The former chief inspector said unions’ portrayal of school life has done more to damage the profession than his criticism of underperforming schools and incompetent teachers.

He accused union leaders of “truculence, complacency and hypocrisy, (which) over the years has done real damage to the teaching profession”.

Their “self-righteous protestations” against government policies such as league tables and Ofsted inspections have cost teachers the sympathy of the public and key opinion formers, he said.

“When did you last hear a representative of a teacher union telling teachers and the general public that teaching is the best job in the world?” he said. “Personally, I don’t think I ever have. The image of teaching that is presented by the teacher unions is invariably and depressingly bleak.”

By contrast, Mr Woodhead, who refused to join a union when he began his career as a teacher in 1969, said he had made every effort to praise schools’ successes when he was chief inspector.

His comments were made in an article in the April edition of Report, the magazine of the Association of Teachers and Lecturers, to co-incide with the union’s annual conference in Gateshead next week.

Mr Woodhead was also critical of the General Teaching Council, which he accused of going native and failing to offer the independence and authority of the British Medical Council (sic).

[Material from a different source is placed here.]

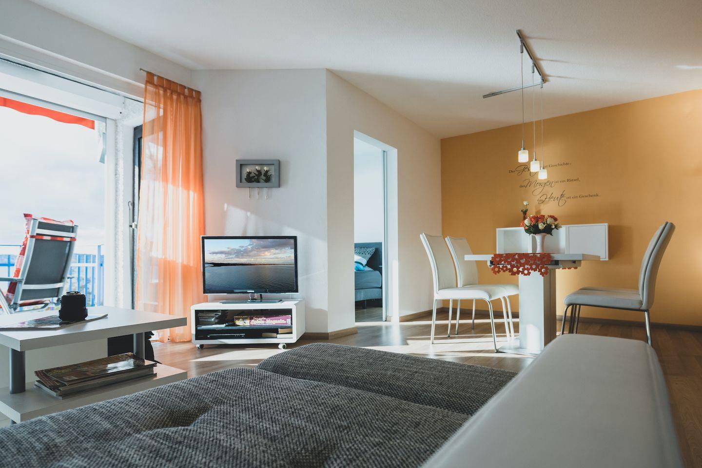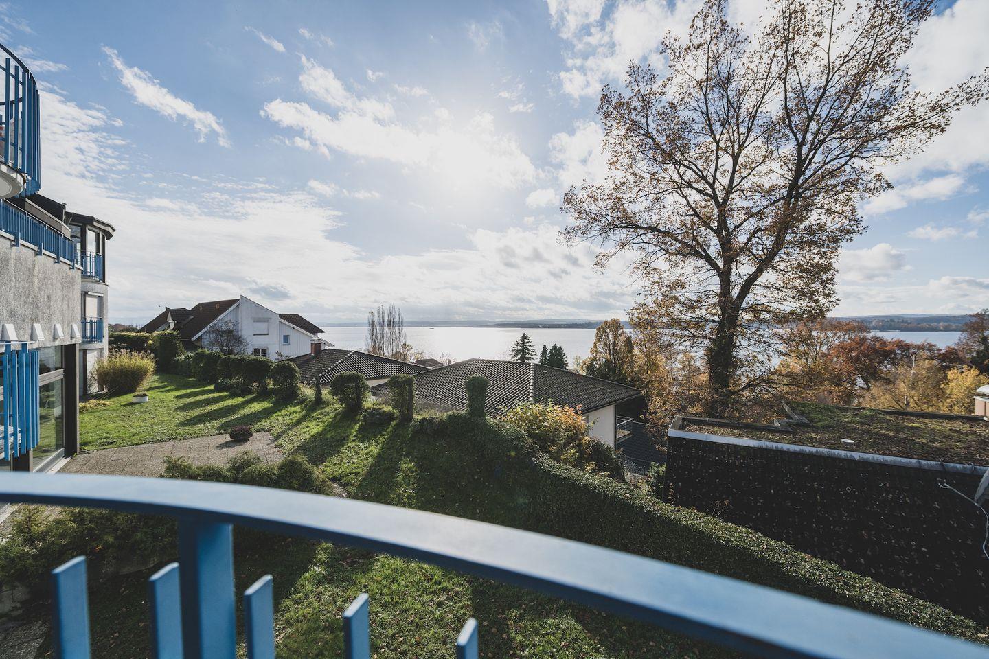 Genießen Sie die natürliche Helligkeit und den atemberaubenden Blick durch die großzügigen Fenster. Die Wohnung wurde mit viel Liebe zum Detail eingerichtet, um Ihnen ein Gefühl von Gemütlichkeit und Zuhause zu vermitteln. Vom Balkon aus können Sie die frische Seeluft genießen und die Tischgruppe unter der Markise lädt zu entspannten Stunden im Freien ein. Der Blick erstreckt sich weit über den Bodensee, das Schweizer Ufer und die majestätischen Alpen im Osten sowie über den Überlinger See und die Insel Mainau im Westen.

Mary Bousted, ATL general secretary, said: “I think Mr Woodhead should examine his own conscience before he brands others as truculent and complacent.

“Certainly, he should consider whether there has been any statement more damaging to teacher morale than his sweeping and unfounded allegation that there were 15,000 incompetent teachers.”

The ATL conference, which begins on Monday and finishes on Thursday, is the first of the three major teacher-union conferences during the Easter period.

The NASUWT will meet at the Birmingham international conference centre from Tuesday to Saturday, and the National Union of Teachers will gather in Torquay on Good Friday.

The leaderships of both the ATL and the NASUWT will face activists who are critical of their decisions to engage in social partnership with the Government.

These unions, and the employers, collaborate with the Government in decisions on pay and conditions. NASUWT members from Cannock and Mid-Staffordshire, Cornwall and Devon plan to criticise the union for appearing too passive. They say it should “reassert the traditional values of independent trade unionism” and threaten to pull out of the arrangement.

The union’s leaders will counter with a motion saying its decision to join in “social partnership” with the Government has given teachers more time to prepare for lessons and do their marking.

Ruth Kelly, the Education Secretary, will address the NASUWT on Thursday, two days after her deputy Jacqui Smith speaks to ATL members in Gateshead.

Delegates attending the NUT conference in Torquay will have to do without a ministerial presence after the union decided for the second year running not to invite the political parties’ education spokespeople. It will be the third consecutive NUT conference without a minister after the Government boycotted the 2004 conference following the union’s failure to sign the workforce agreement.

Key topics of debate at the conferences will include the education Bill, faith schools and pupil behaviour.

It appears that the NASUWT conference will be more dominated than usual by behaviour matters. Four of the seven scheduled motions relate to behaviour, with debates planned on violent and disruptive pupils, behaviour management support for newly qualified teachers, violence in the workplace and bullying within management.